(WORK REQUIRED):
Make an exact copy of the listing underneath, skipping each picture.

*** Opening COLLECTED DATA ***

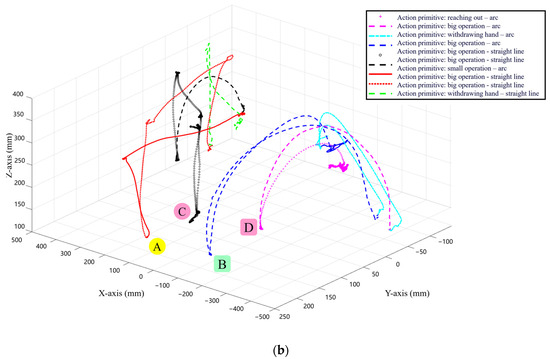 According to the GMR algorithm, further processing is performed on the teaching data. For example, the action primitive “large operation/arc” in the XOZ plane is shown in Figure 7.
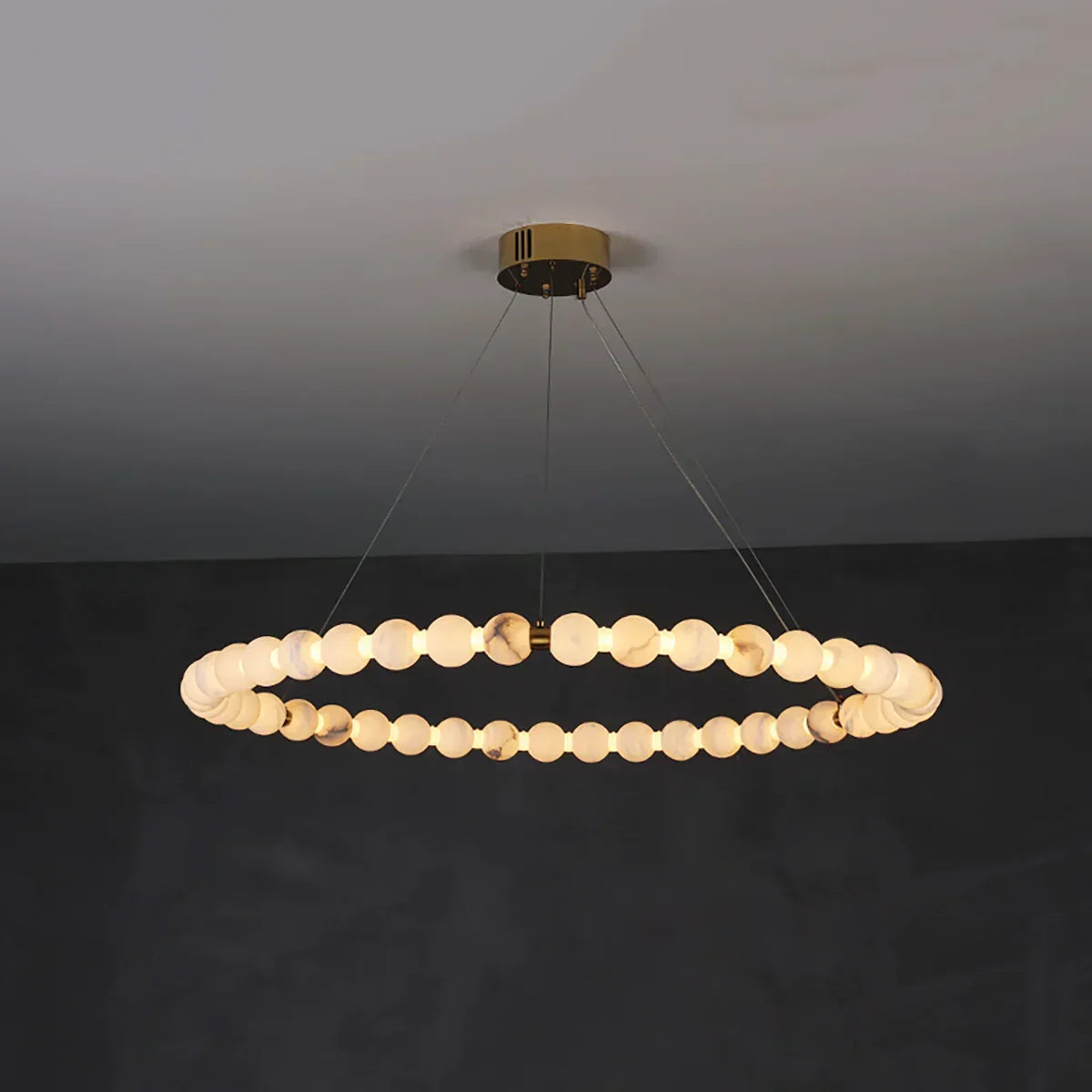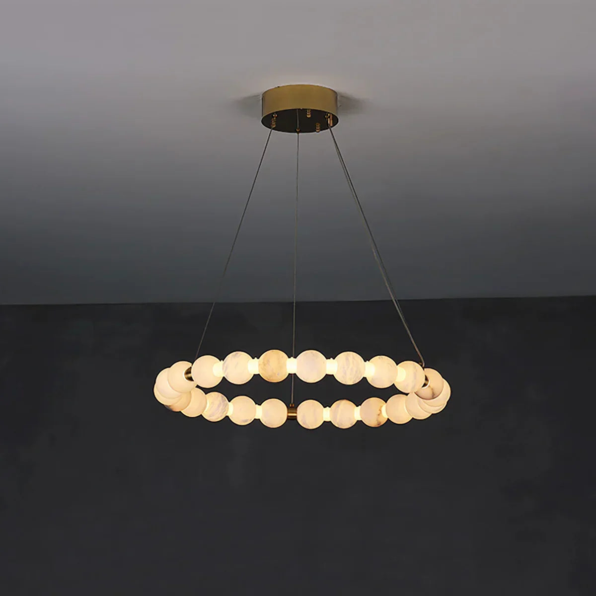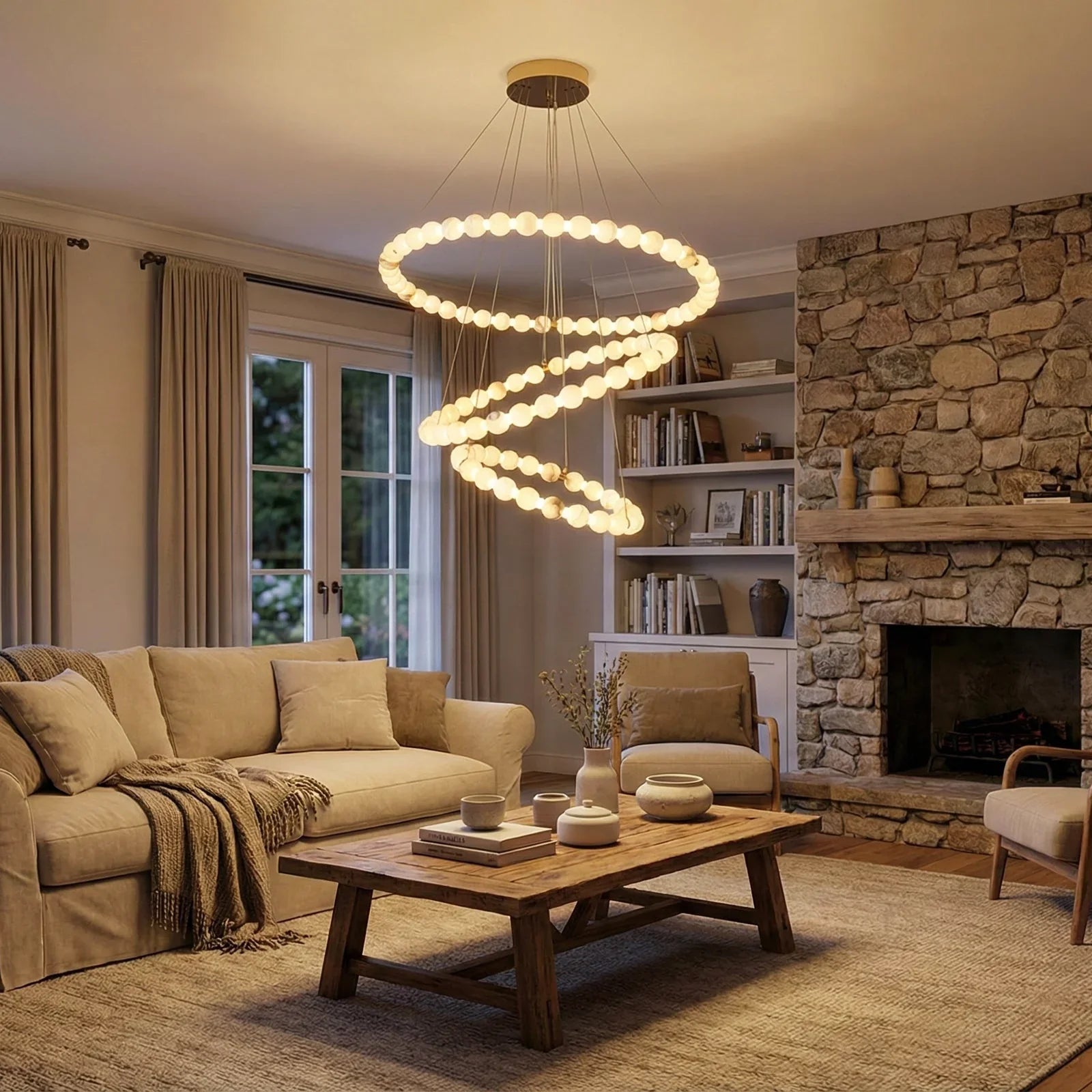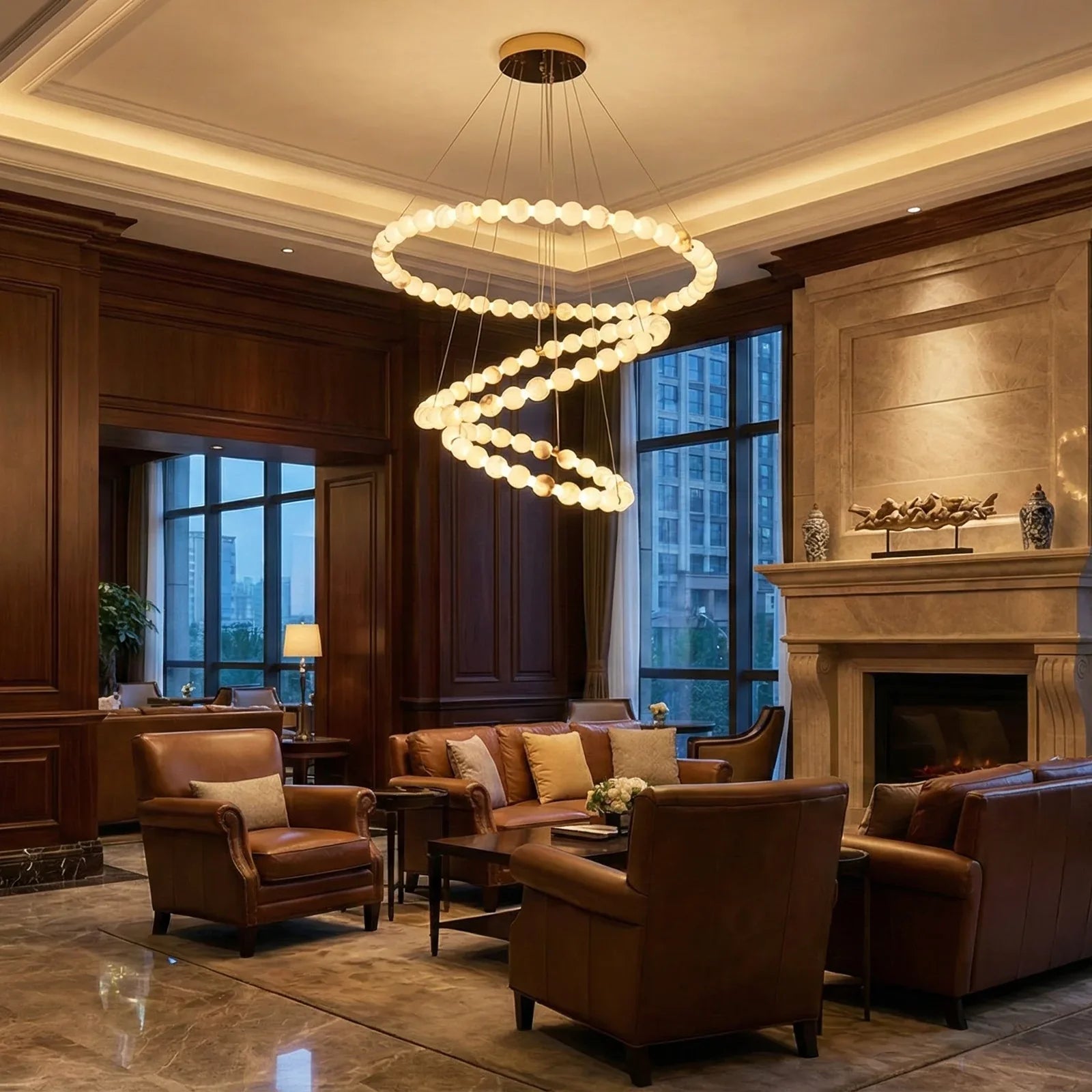 Meticulously handcrafted with natural alabaster beads, the unique texture of alabaster creates a soft, warm glow when illuminated, fostering a tranquil and romantic ambiance. Built-in concealed LED light sources emit a warm, soft, and evenly distributed light. Flexible in design, it can be configured as a single ring, multi-layered circular, or dynamic spiral chandelier to meet diverse visual and spatial needs.
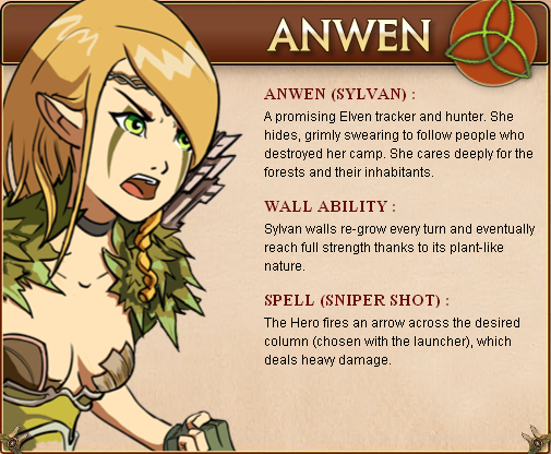 Anwen is a hero of Sylvan faction in Might & Magic: Clash of Heroes.

*** Closing COLLECTED DATA ***

(RESPONSE AREA):
 According to the GMR algorithm, further processing is performed on the teaching data. For example, the action primitive “large operation/arc” in the XOZ plane is shown in Figure 7.
 Meticulously handcrafted with natural alabaster beads, the unique texture of alabaster creates a soft, warm glow when illuminated, fostering a tranquil and romantic ambiance. Built-in concealed LED light sources emit a warm, soft, and evenly distributed light. Flexible in design, it can be configured as a single ring, multi-layered circular, or dynamic spiral chandelier to meet diverse visual and spatial needs.
 Anwen is a hero of Sylvan faction in Might & Magic: Clash of Heroes.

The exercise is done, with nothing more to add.